**TASK TO COMPLETE**: Your answer must be a word-for-word copy of the listing below, minus its pictures.

**INFORMATION PROVIDED**:
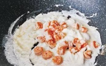 鲜虾仁100克、盐1克、胡椒粉0.3克、水淀粉1勺、牛奶50毫升、玉米淀粉5克、火腿末20克、盐2克、油1.5勺
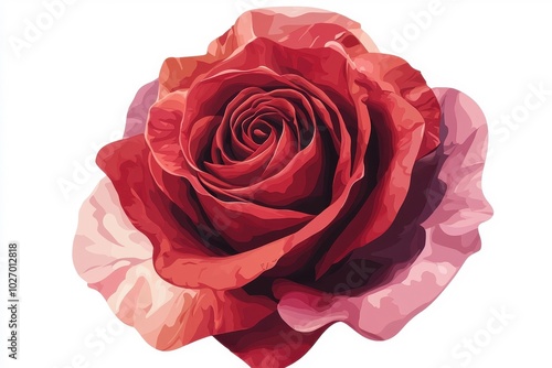 Fototapeta premium A flat style illustration of a red rose, isolate on white background,...
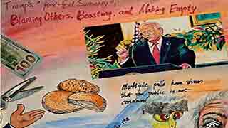 图、文|李公明开栏小语:涂鸦小分队的人有一句口号: 画什么才重要!怎么画和画成什么,没那么重要!图一特朗普的“年终总结”:甩锅、吹嘘、画饼 纸本彩墨 + 拼贴65cm X 45cm李公明 作 2025年12月20日据“澎湃新闻·全球速报”报道(2025-12-18),美国总统特朗普17日晚在白宫发表全国讲话,宣扬第二任期近一年来
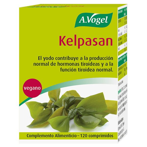Kelpasan 120comp A. Vogel es un preparado a base de algas y una fuente natural de yodo. Presenta un contenido 100% natural y biodisponible, siendo muy rico en yodo. Algunas personas tienen una deficiencia de este mineral, y su ausencia suele tener efectos negativos sobre el metabolismo. Por lo tanto, las propiedades del yodo son de suma importancia para la buena salud de la glándula.

**EXERCISE SOLUTION**:
 鲜虾仁100克、盐1克、胡椒粉0.3克、水淀粉1勺、牛奶50毫升、玉米淀粉5克、火腿末20克、盐2克、油1.5勺
 Fototapeta premium A flat style illustration of a red rose, isolate on white background,...
 图、文|李公明开栏小语:涂鸦小分队的人有一句口号: 画什么才重要!怎么画和画成什么,没那么重要!图一特朗普的“年终总结”:甩锅、吹嘘、画饼 纸本彩墨 + 拼贴65cm X 45cm李公明 作 2025年12月20日据“澎湃新闻·全球速报”报道(2025-12-18),美国总统特朗普17日晚在白宫发表全国讲话,宣扬第二任期近一年来
Kelpasan 120comp A. Vogel es un preparado a base de algas y una fuente natural de yodo. Presenta un contenido 100% natural y biodisponible, siendo muy rico en yodo. Algunas personas tienen una deficiencia de este mineral, y su ausencia suele tener efectos negativos sobre el metabolismo. Por lo tanto, las propiedades del yodo son de suma importancia para la buena salud de la glándula.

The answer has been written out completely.